Another constant philosophical question, from Greek times up to the present,
has been to try to establish the difference between appearance and reality.
Once people learned about sense illusions, the question arose of how to tell
what seems to be from what really is. Skeptical thinkers have pressed the
claim that no satisfactory standard can be found that will actually work for
distinguishing the real from the apparent in all cases. On the other hand,
various philosophers have proposed many such criteria, none of which has been
universally accepted. Another type of question raised by philosophers is:
What is truth? Various statements about aspects of the world seem to be true,
at least at certain times. Yet experience teaches that statements that have
seemed to be true have later had to be qualified or denied. Skeptics have
suggested that no evidence would be able to tell, beyond any show of doubt,
that a given statement is in reality true. In the face of such a challenge,
philosophers have sought to find a criterion of truth, especially a criterion
of truth that would not be open to skeptical challenge.

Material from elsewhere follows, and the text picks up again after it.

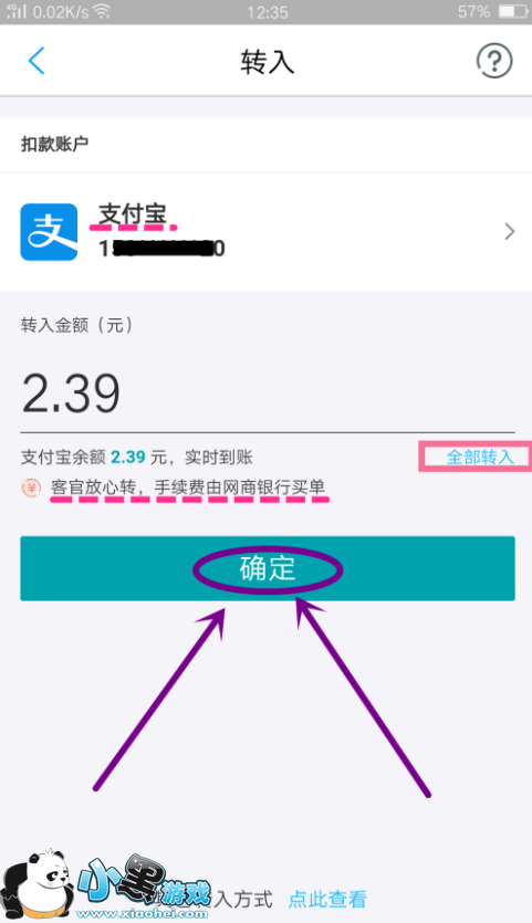 4、在转入中,选择扣款账户为本人支付宝即可,下面会显示支付宝余额(2.39元),点击全部转入,再点确定,如图所示;另外,手续费是否全免下面有提示。

Philosophers have also traditionally raised questions about values: What is
good? How can good be distinguished from bad or evil? What is justice? What
would a just society be like? What is beauty? How can the beautiful be
distinguished from the ugly? These questions all deal with matters of
evaluation rather than fact. Scientific investigation is of only slight help
in determining if abortion is bad or if Vermeer’s Milkmaid is a beautiful
picture. The values that are at issue are not perceived in the same way as
facts. If they were, much more agreement would exist about the specific
answers to value questions. The philosopher seeks to find some means of
answering these sorts of questions, which are often the most important ones
that a person can ask and which will exhibit the basis of a theory of values.
In view of the kinds of questions that philosophers deal with, what methods
does the philosopher use to seek the answers? The philosopher’s tools are
basically logical and speculative reasoning. In the Western tradition the
development of LOGIC is usually traced to Aristotle, who aimed at constructing
valid arguments and also true arguments if true premises could be uncovered.
Logic has played an important role in ancient and modern philosophy–that of
providing a clarification of the reasoning process and standards by which valid
reasoning can be recognized. It has also provided a means of analyzing basic
concepts to determine if they are consistent or not.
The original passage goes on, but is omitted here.